The most effective preventative medicine is one which espouses Mind-Body inseparability and uses this approach to nourish and strengthen the individual.

Matters of life death are a part of the healer's investigative interests.

That thirsty vampire called death which sucks the very breath from our vessels at life's end, needs to be within our daily vision.

Death (awareness) anxiety will not be a taboo matter to the healer. If one doesn't recognise a client's existential viewpoint, their spiritual or religious underpinnings, then how can we fathom the genesis of life-long afflictions, such as fears, phobias and behavioural tendencies?

The healer will be ever mindful of the underlying complexities of the healer-patient relationship. For instance, the quandary which arises when a patient presents with a longterm affliction.

This symptom has by now become an intruder, a major disturbance and the client has begun to identify it as 'other-than me'.

This is a version of dissociation, and is more obviously apparent in disease processes such as cancer: the tumour is seen to be something 'killing me'.

Yet, it's a two-edge sword actually.

Yes, the tumour is having a lethal effect, but it is still a part of me. It has arranged a blood supply to nourish it and is supported by my very body's operating systems.

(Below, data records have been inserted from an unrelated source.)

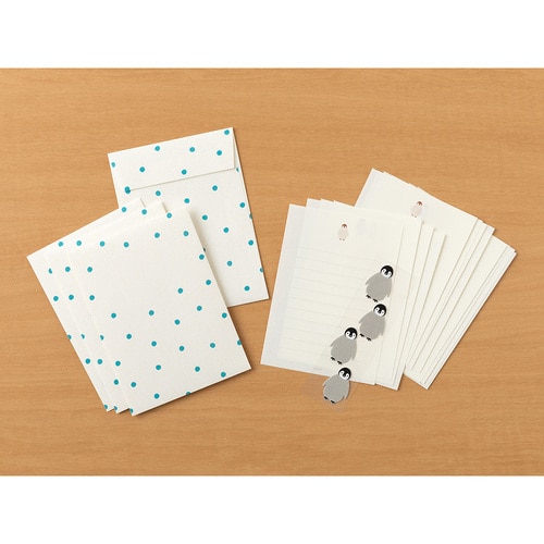 ふわっとした起毛素材の動物シールが付いたレターセットです。 便箋は一筆箋感覚で使える小ぶりなサイズ、封筒にはL判写真も入ります。 ちょっとしたお礼やお手紙を書きたいときにぴったりです。 *郵送可能 ペンギン柄:首をかしげたり、あどけない表情がわかいいペンギン柄のシール。封筒は、雪をイメージした水玉模様です。 ・親しい友人へ、近況を伝えるフレンドリーな手紙として。 ・一緒に働く仕事仲間へ、借りていた本を返却するときに感想を少し添えて。 ・遠方に住む親戚へ、旅のお土産に添える手紙として。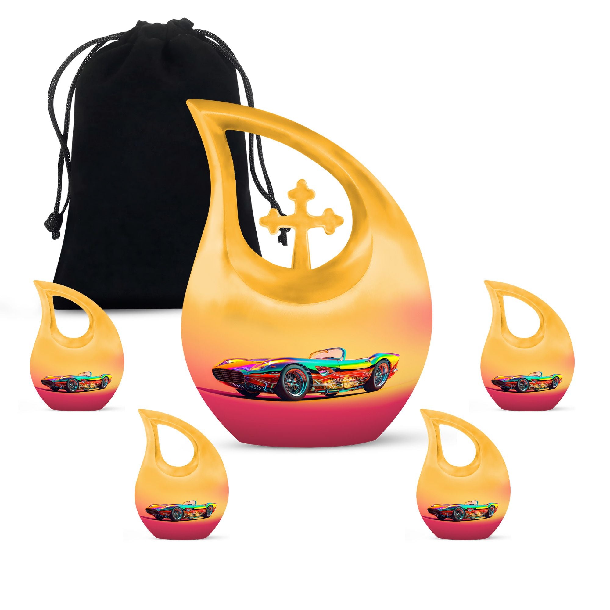 Honor your beloved dad’s adventurous spirit with the Colorful Race Car Cremation Urn, a heartfelt way to preserve memories that will last forever. Designed with care and compassion, this elegant memorial piece symbolizes speed, strength, and the passion of a life well-lived. Whether displayed at home or used as a funeral urn for adult ashes men, it offers a touching reminder of cherished moments shared. This urn beautifully represents the deep bond between a father and his family, making it one of the most meaningful urns for human ashes adult male dad available today.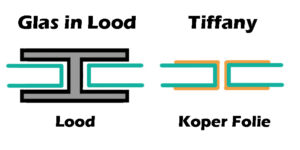 Tiffany is een compleet andere techniek dan glas in lood. Bij glas in lood heb je twee stukken glas, die je dan in het lood zet, als een soort van puzzel. Bij glas in lood heb je ook het loodhart, dat is het lood dat in het midden zit tussen de twee glasstukken.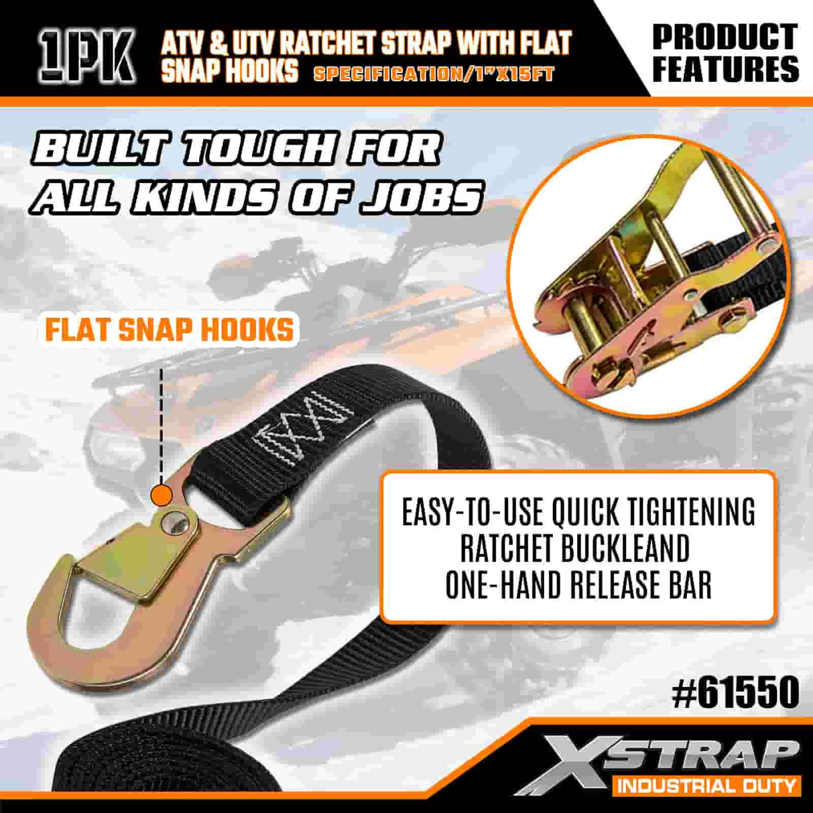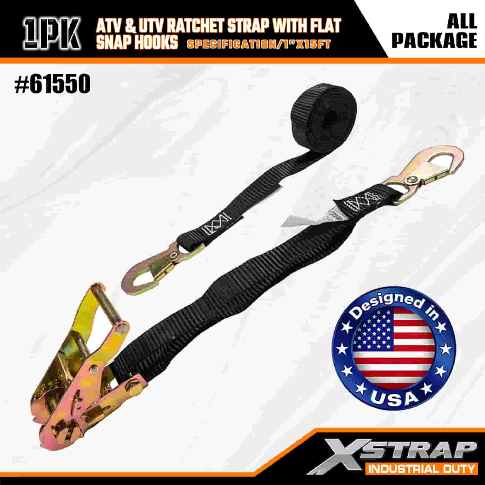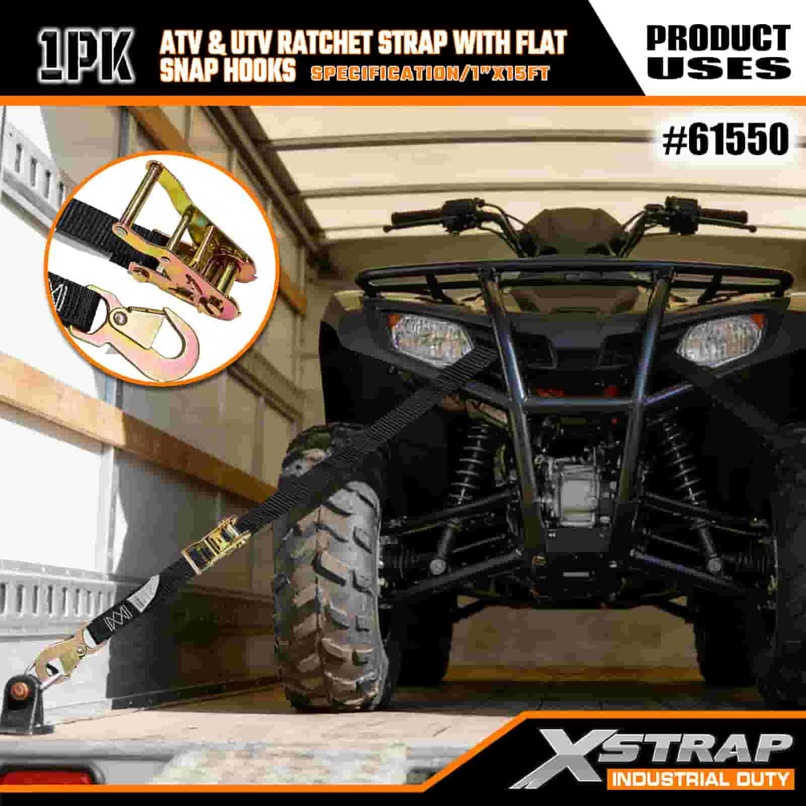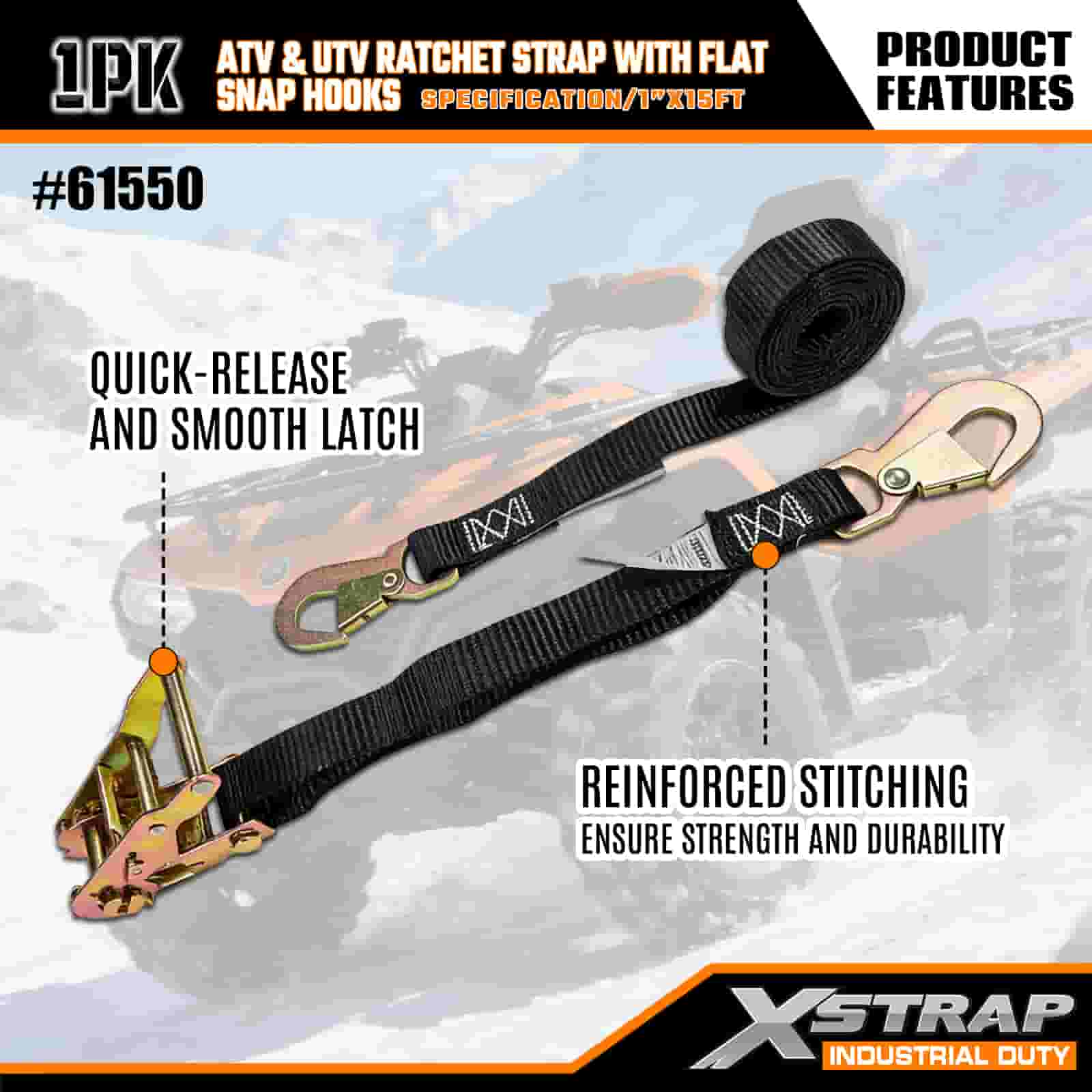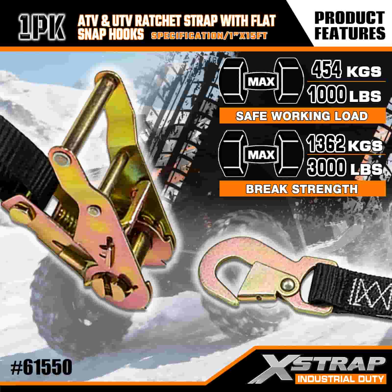 Xstrap ATV at AUV Ratchet Strap na may Flat Snap Hooks, 1” x 15’ Polyester Tie Down Strap Ratchet Strap, 1000lbs Kapasidad Cargo Lashing Securing Straps na may Flat Snap para sa Trailer, Flat Bed Trailer Ski Boat, Maliit na Kotse, Malakas na Kagamitan.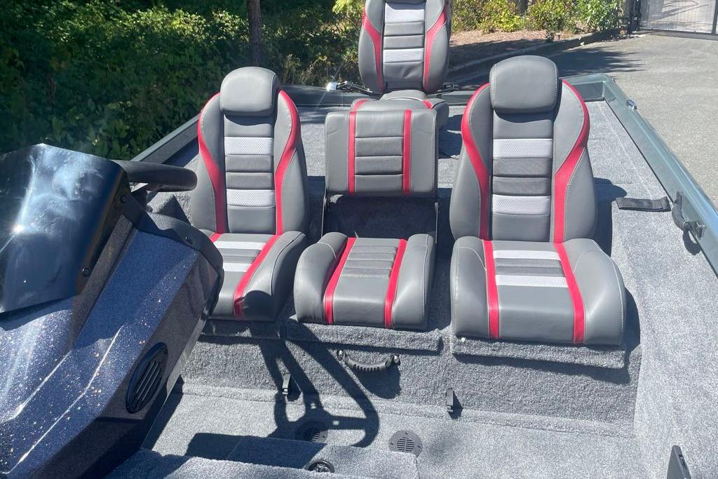 • Custom fitted marine upholstery- driver/passenger bucket seating w/ center fold down & two matching fishing seats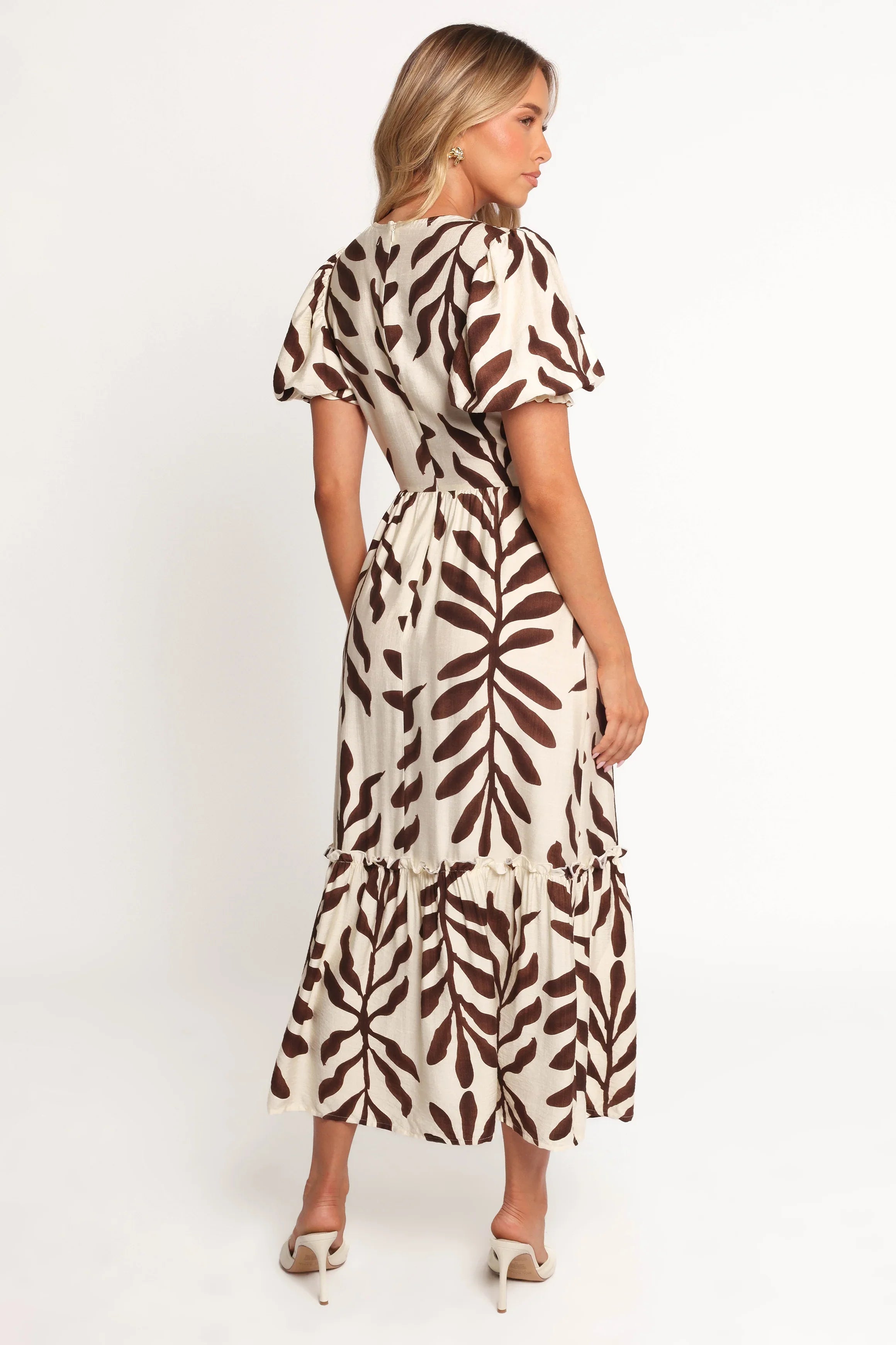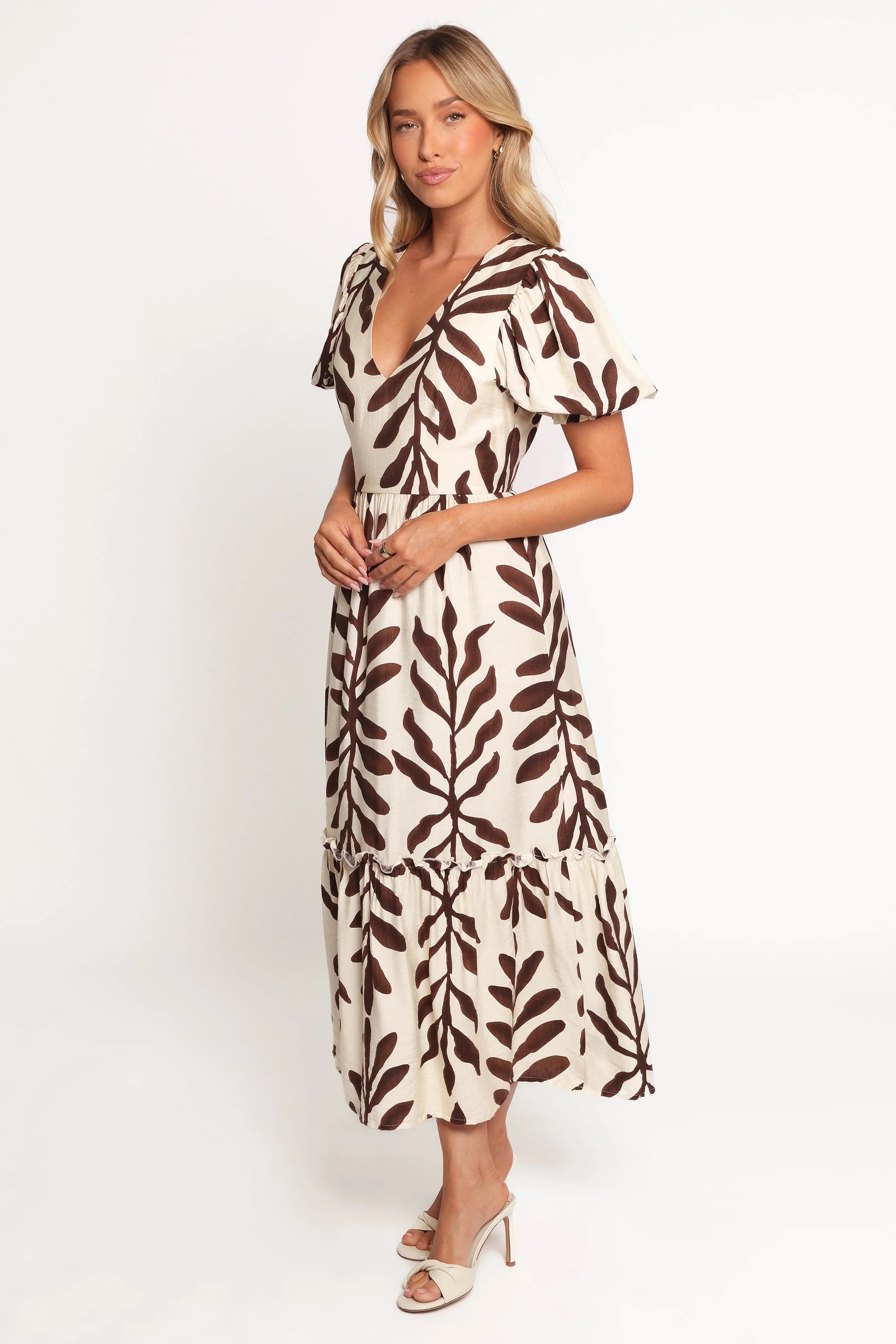 DETAILS The graceful midi-length design pairs seamlessly with a classic V-neckline, offering a flattering silhouette that works for any occasion. Its short puff sleeves, complete with elasticised cuffs, bring a playful yet polished vibe, while the flowing A-line skirt delivers ultimate comfort and versatile style.

There is a confusion I feel at the level of identifying just what the tumour represents. This is then complicated by the state-of-the-art allopathic therapies such as chemotherapy. It is destroying the tumour to save the host. The host has to collude with an element of self-destruction, to survive.

More frequently, a client presents to her /his healer asking to be cured. But in the small print, is the unspoken proviso, that this not require them to change, nor be changed. Given that they have developed a disturbance, (which requires change), its fair to assume that the circumstances which created it are still occurring. These are usually deeply ingrained habits.

The healer will be a consummate diplomat able to navigate this tenuous ground, stretching between wants and need.

She will ask always: What exactly is being healed here?

The Healer will be a much needed elder:

The leader follows Robert's Rules of Order; the elder obeys the spirit.